Safe use of synthetic data:

  • Use a stronger model to generate data for a weaker model (distillation, not self-training)
  • Always verify synthetic data (human spot-check, automated validation)
  • Mix synthetic with real data (never use 100% synthetic)
  • Limit to 20-30% of total training data

Data Contamination

The problem: Your training data may contain test data from benchmarks (MMLU, HumanEval, etc.). If so, your model appears to perform better than it actually does.

Examples of contamination:

  • A model is trained on the internet, which includes the full MMLU test set
  • The model “scores” 90% on MMLU, but it has seen the answers during training
  • Real performance might be 70-80% — 10-20 points inflated

How to detect contamination:

  • N-gram overlap: Check if test set examples appear verbatim in training data
  • Perplexity analysis: Models have unusually low perplexity on contaminated test examples
  • Membership inference: Train a classifier to distinguish training vs non-training data

How to prevent it:

  • Use benchmarks released after your training data cutoff date
  • Deduplicate training data against known benchmark sets
  • Report contamination analysis alongside benchmark scores
  • Test on “unseen” variants of benchmarks (MMLU-Redux, HumanEval-X)

Data Versioning

Treat training data like code: version it, track changes, document decisions.

What to track:

  • Data source (URL, dataset name, version)
  • Processing steps applied (filtering, dedup, cleaning)
  • Date collected
  • Selection criteria (what was included/excluded and why)
  • License and usage terms

Tools:

  • DVC (Data Version Control): Git-like versioning for datasets
  • Hugging Face Datasets: Versioned dataset storage with provenance tracking
  • LFS (Git Large File Storage): For smaller datasets (<5GB)
  • Custom manifest files: JSON/YAML with hashes for each data version

Data Engineering Checklist

  • Identify data sources (public + proprietary)
  • Run deduplication (exact + near-dedup with MinHash)
  • Apply quality filters (perplexity, length, language)
  • Remove PII and sensitive information
  • Curate domain mix ratios
  • Verify sample quality (human review 100-500 examples)
  • Check for benchmark contamination
  • Version dataset (DVC or similar)
  • Document all processing decisions
  • Re-evaluate as new data becomes available

Instruction Fine-tuning (Most Important)

What Is Instruction Fine-tuning?

Taking a pre-trained model and training it on instruction examples (question-answer pairs):

Pre-trained Model (trained on next-token prediction)
Fine-tune on 1000-100000 <instruction, response> pairs
Model learns to follow instructions better

How It Works

Before instruction fine-tuning:

User: "Classify this: Great product!"
Model: "Great product! is a great example of a positive review in the market.
Let me tell you why products..."
Problem: Rambles, doesn't answer the question

After instruction fine-tuning:

User: "Classify this: Great product!"
Model: "Positive"
Better: Direct, follows instruction

Why It Works

The model learns:

  1. What instruction-following looks like (Q→A format)
  2. How to structure responses (short, direct, relevant)
  3. Diverse tasks (classification, summarization, extraction)

Data Requirements

QualityExamples NeededTypical CostEffort
Low (scraped, auto-generated)10K$1K1 week
Medium (human-reviewed)5-10K$5-50K2-4 weeks
High (expert-curated)1-5K$50-200K4-12 weeks

Rule of thumb: 1000 good examples > 10000 mediocre examples.
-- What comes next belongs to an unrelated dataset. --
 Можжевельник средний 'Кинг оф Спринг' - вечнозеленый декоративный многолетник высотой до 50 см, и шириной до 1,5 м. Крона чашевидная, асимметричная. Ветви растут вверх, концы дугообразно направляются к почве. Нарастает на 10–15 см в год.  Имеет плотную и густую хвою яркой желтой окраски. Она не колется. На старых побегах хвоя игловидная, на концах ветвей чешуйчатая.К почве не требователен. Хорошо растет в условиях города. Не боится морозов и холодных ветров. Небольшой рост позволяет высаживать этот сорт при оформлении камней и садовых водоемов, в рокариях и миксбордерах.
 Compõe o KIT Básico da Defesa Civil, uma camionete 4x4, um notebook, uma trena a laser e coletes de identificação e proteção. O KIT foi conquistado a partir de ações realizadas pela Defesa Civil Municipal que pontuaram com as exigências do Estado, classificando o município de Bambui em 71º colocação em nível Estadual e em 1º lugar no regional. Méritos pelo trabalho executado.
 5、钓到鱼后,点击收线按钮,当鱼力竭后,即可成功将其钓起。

Instruction Fine-tuning Checklist

  • Collect or curate instruction examples (Q→A pairs)
  • Split: 80% train, 10% validation, 10% test
  • Format consistently (system message → user → assistant)
  • Remove duplicates and near-duplicates
  • Verify quality (human review first 100)
  • Start with pre-trained model
  • Train 1-3 epochs (more risks overfitting)
  • Monitor validation loss (stop when it plateaus)
  • Evaluate on test set (accuracy, F1, human ratings)
  • A/B test: fine-tuned vs original model
  • Only deploy if test results clearly better

Preference Fine-tuning (RLHF, DPO)

What Is Preference Fine-tuning?

Training on preferences instead of gold answers:

Base Model generates: A1, A2, A3 (multiple responses)
Human rater ranks: A2 > A1 > A3
Model learns to predict preferred responses
Better, more natural outputs

The Difference: Instruction vs Preference

Instruction fine-tuning:

Q: "What's 2+2?"
A: "4"

Preference fine-tuning:

Q: "What's 2+2?"
A1: "It equals 4"
A2: "The sum is 4"
A3: "2 plus 2 gives you 4"
Preference: A1 = A2 > A3 (all correct, but A1/A2 better style)

RLHF (Reinforcement Learning from Human Feedback)
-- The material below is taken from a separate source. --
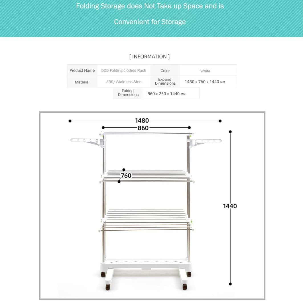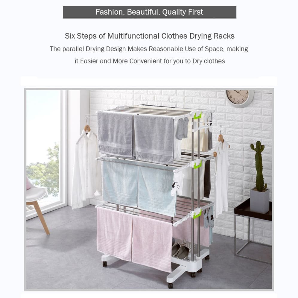 • With 3 tiers made up of 6 retractable trays, you can hang dry your laundry onto the multiple rails. 2 detachable side wings provide extra hanging space and the hanger slots design avoids clothing from falling down. The bottom grid shelves are convenient to store shoes, boxes, or laundry baskets. When not in use, it is foldable for storage without taking up significant space. 8 directional wheels with locking brakes allowing it to be moved from indoors to outdoors.
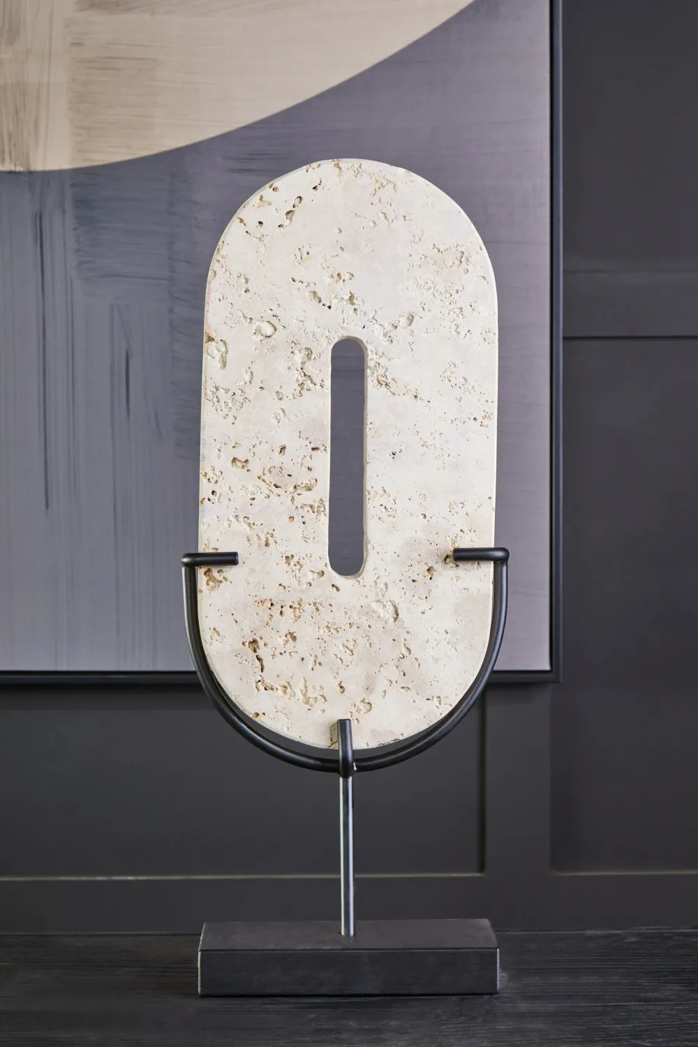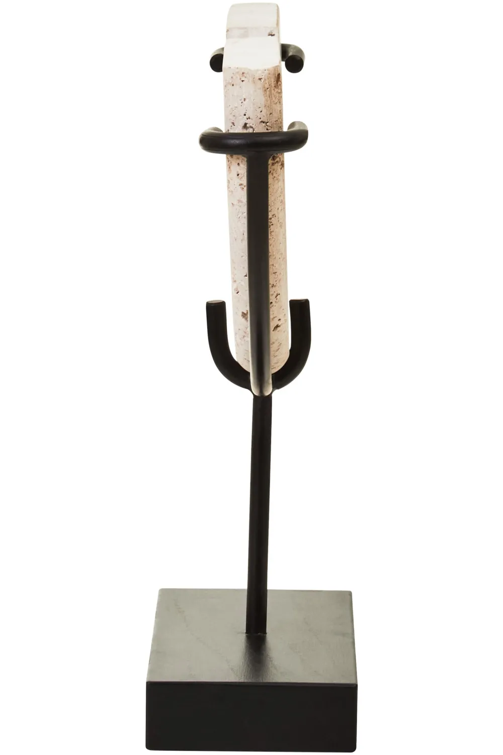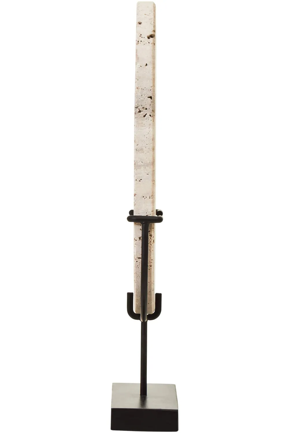 - Material: Natural Travertine Stone Sculpture / Acacia Wood Base / Iron Stem

Standard approach used by OpenAI, Anthropic:

Base Model
Generate multiple responses
Collect human rankings
Train reward model (predict which response humans prefer)
Use reward model to fine-tune base model (RL)
Aligned Model

Cost: $500K-10M (depends on scale)
Time: 2-4 months
Examples needed: 10K-100K human-rated pairs

DPO (Direct Preference Optimization)

Newer, faster approach (2023):

Preference pairs only (no reward model needed)
Direct loss function (compare preferred vs rejected)
Simpler, cheaper than RLHF

Cost: $50-200K
Time: 2-4 weeks
Examples needed: 5-20K preference pairs

When to Use Preference Fine-tuning

  • Model outputs are technically correct but wrong style
  • You care about tone, length, format
  • You have human raters available
  • You need reproducible quality

Domain Fine-tuning (Specialized Knowledge)

What Is Domain Fine-tuning?

Training on domain-specific text to improve performance on that domain:

Base: GPT-4 (trained on internet text)
Fine-tune on 10000 medical papers
Result: Better at medical diagnosis, terminology, reasoning

Example: Medical Domain

Before domain fine-tuning:

Q: "Patient has elevated troponin, ECG shows ST elevation"
Model: "Could be many things. Recommend seeing a doctor."
Problem: Vague, misses obvious diagnosis (MI)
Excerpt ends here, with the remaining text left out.